Instructions to follow: Would you return each entry exactly as written, omitting any pictures?

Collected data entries
───
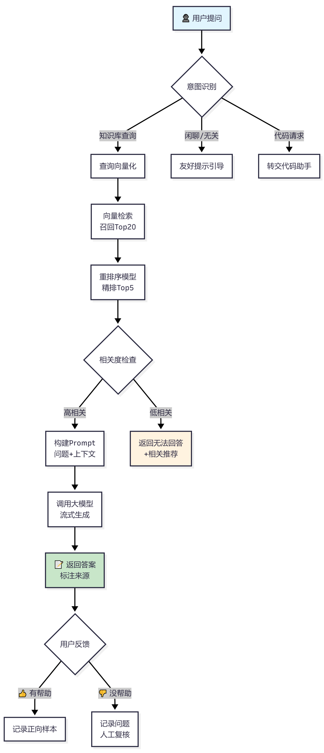 后来我加了一个意图识别层,先判断用户的问题是否属于知识库问答的范畴:
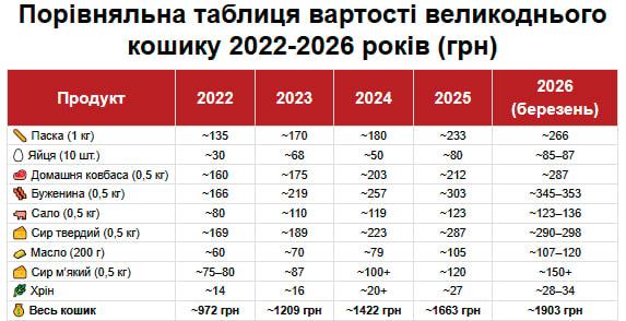 Різниця між мінімальним та преміальним кошиком у 2026 році стала ще відчутнішою: Бюджетний (маркет-плейси): від 1250 грн (паска з мас-маркету, мінімум м'яса).
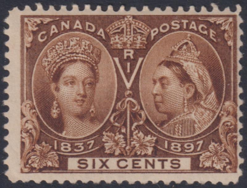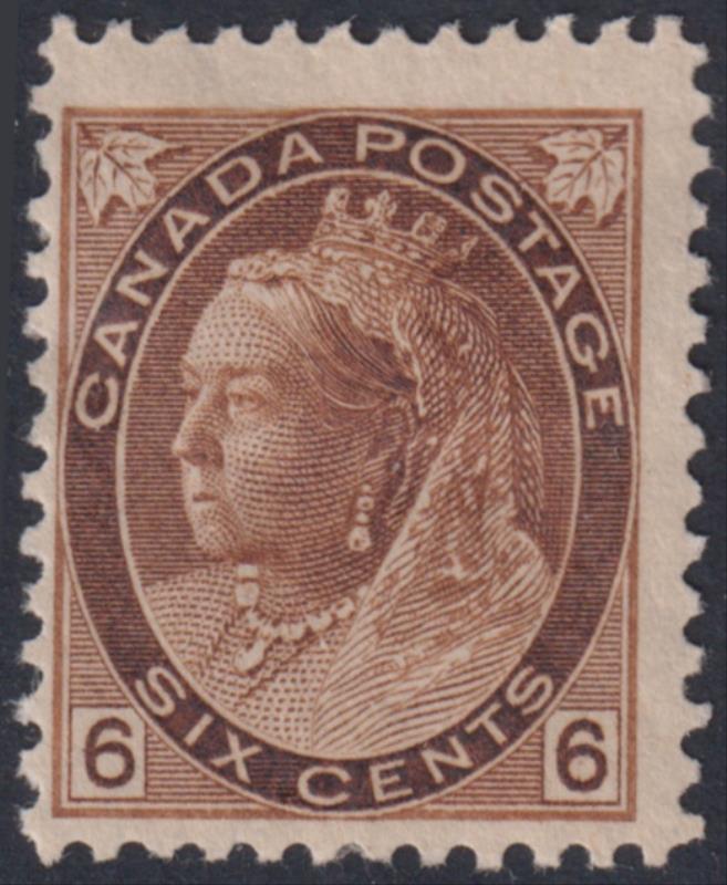 Canada 1897 6c Jubilee brown, o/c to right. SG 129. Cat £140. Mint. (Image)
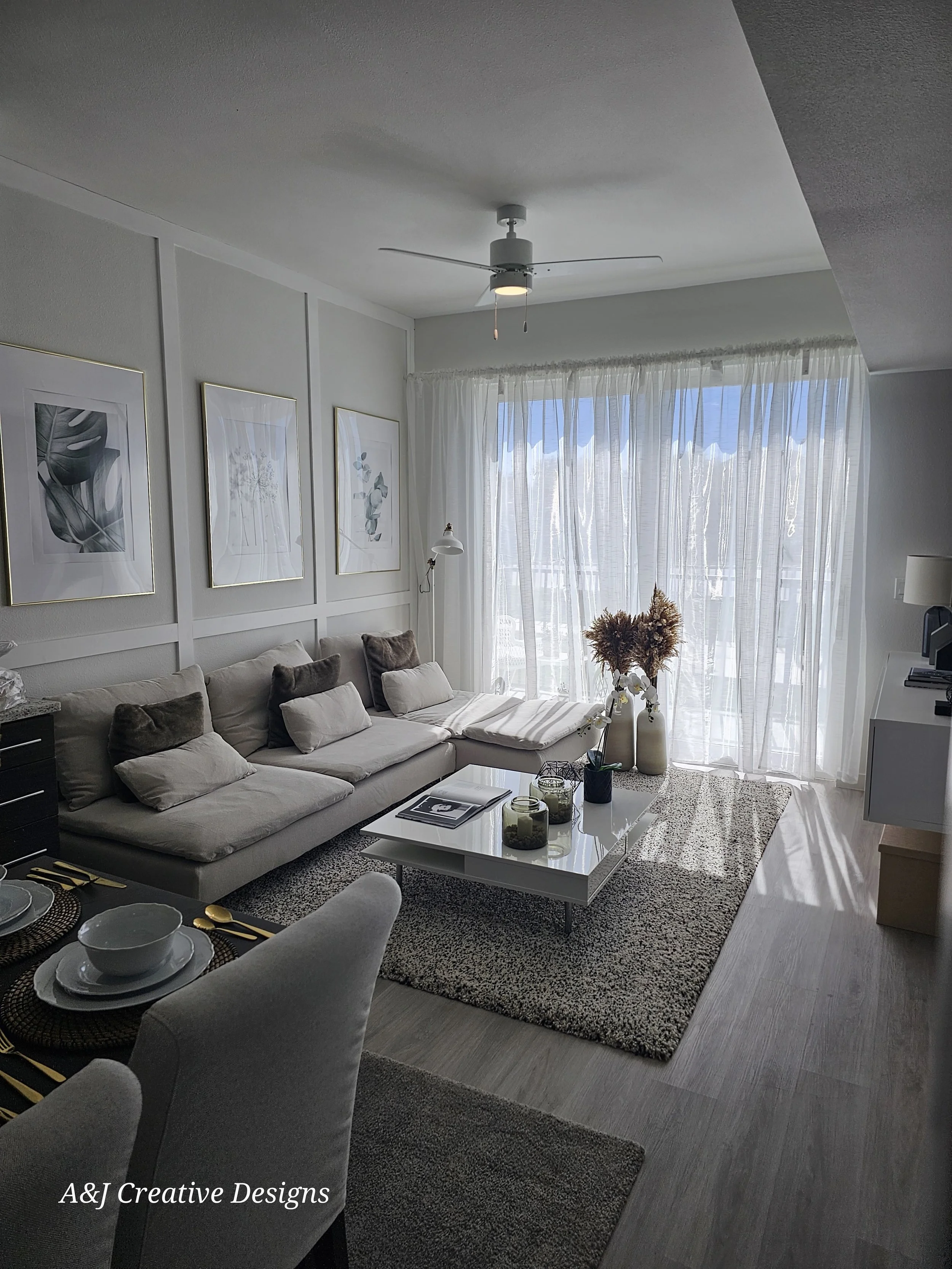 Living room with a beige sectional sofa, modern white coffee table with candles and books, dark gray rug, large window with sheer white curtains, side table with lamp, wall art, and dining area with plates and cutlery.
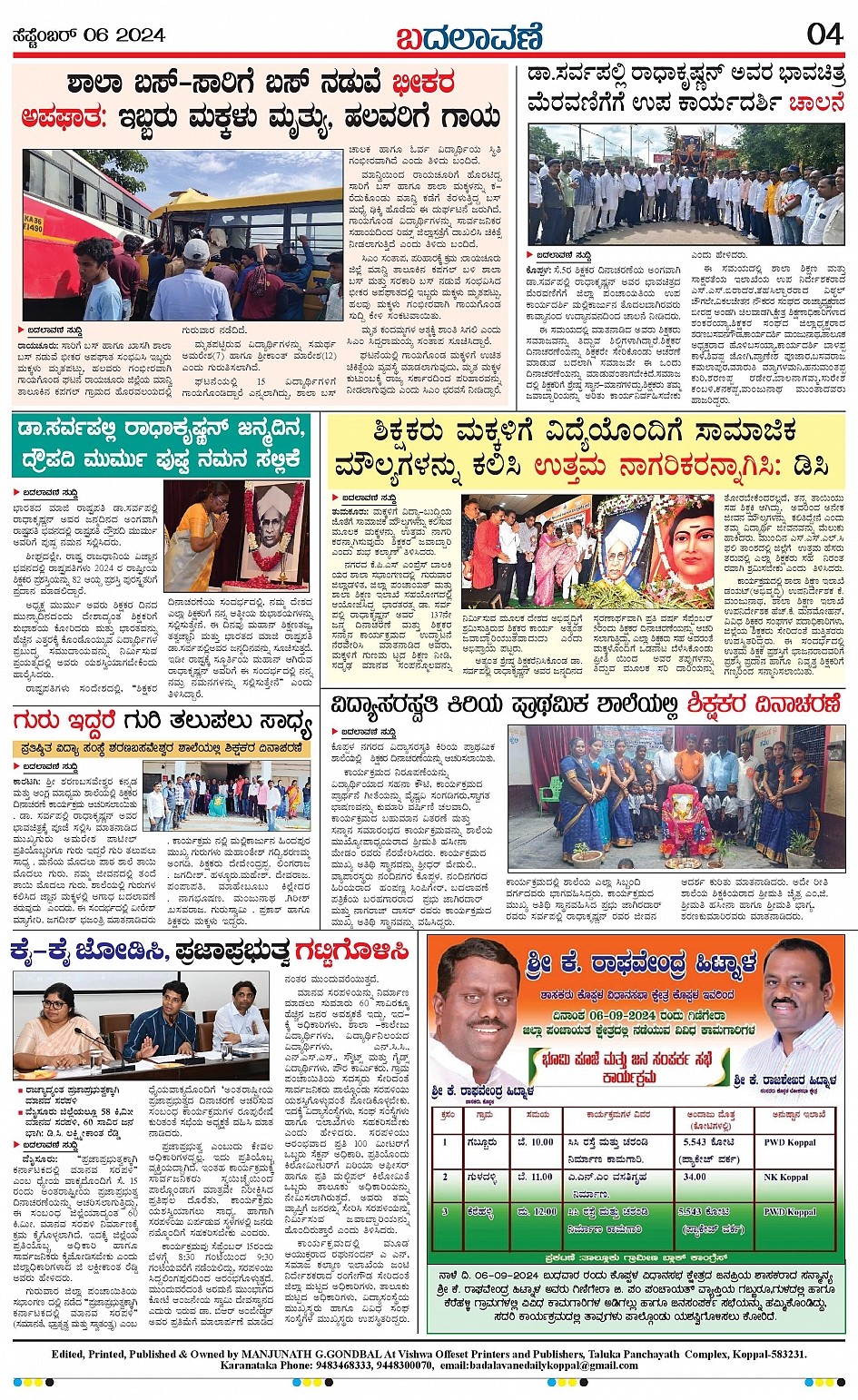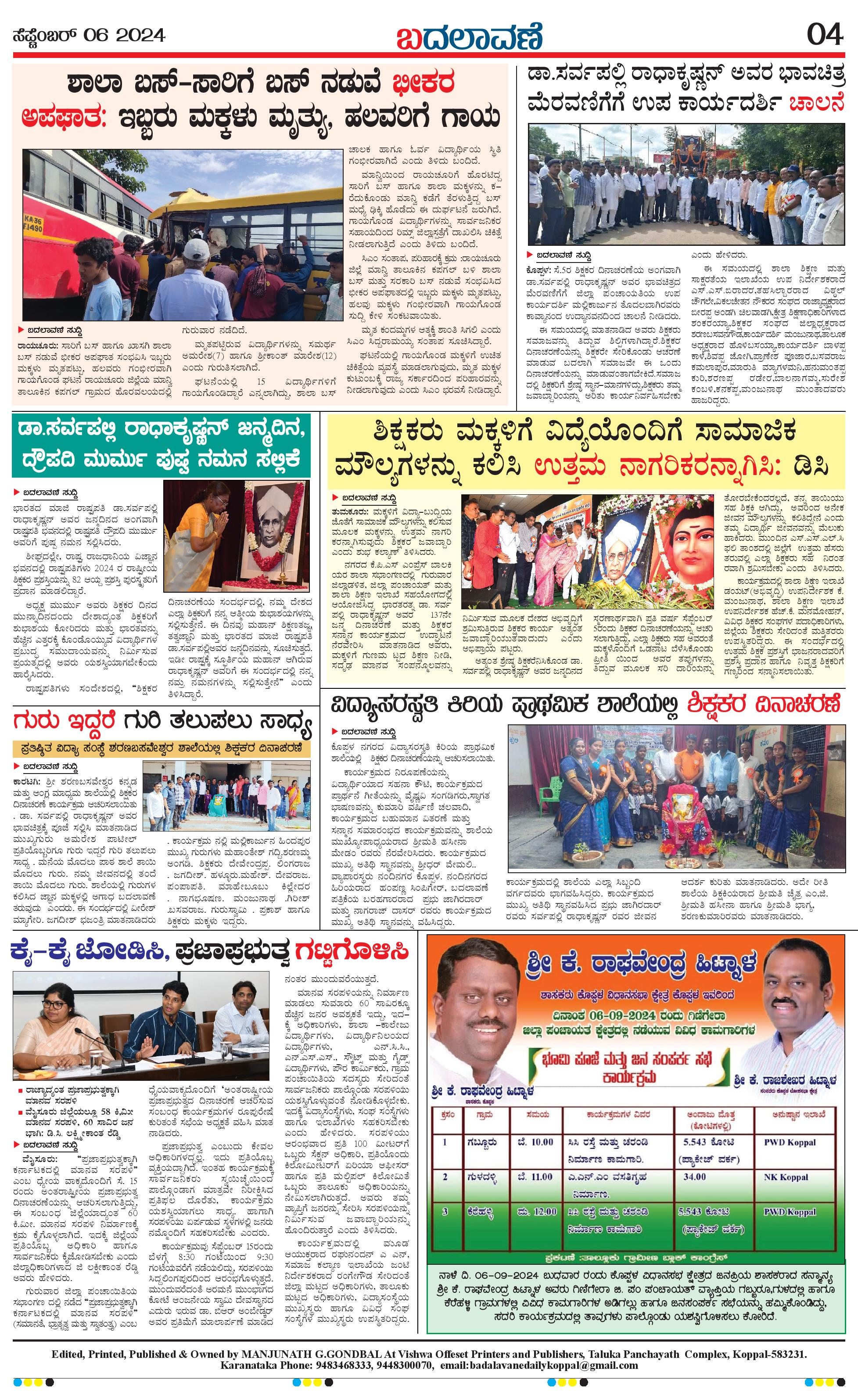 ಬದಲಾವಣೆ 06 September 2024 Page: 4 September 06, 2024 << First << 4 >> Last >> Page 1Page 2Page 3Page 4 × ಬದಲಾವಣೆ 06 September 2024 page-1page-2page-3page-4 << First << 4 >> Last >> page-1page-2page-3page-4 page-4
───
Solved problem:
 后来我加了一个意图识别层,先判断用户的问题是否属于知识库问答的范畴:
 Різниця між мінімальним та преміальним кошиком у 2026 році стала ще відчутнішою: Бюджетний (маркет-плейси): від 1250 грн (паска з мас-маркету, мінімум м'яса).
 Canada 1897 6c Jubilee brown, o/c to right. SG 129. Cat £140. Mint. (Image)
 Living room with a beige sectional sofa, modern white coffee table with candles and books, dark gray rug, large window with sheer white curtains, side table with lamp, wall art, and dining area with plates and cutlery.
 ಬದಲಾವಣೆ 06 September 2024 Page: 4 September 06, 2024 << First << 4 >> Last >> Page 1Page 2Page 3Page 4 × ಬದಲಾವಣೆ 06 September 2024 page-1page-2page-3page-4 << First << 4 >> Last >> page-1page-2page-3page-4 page-4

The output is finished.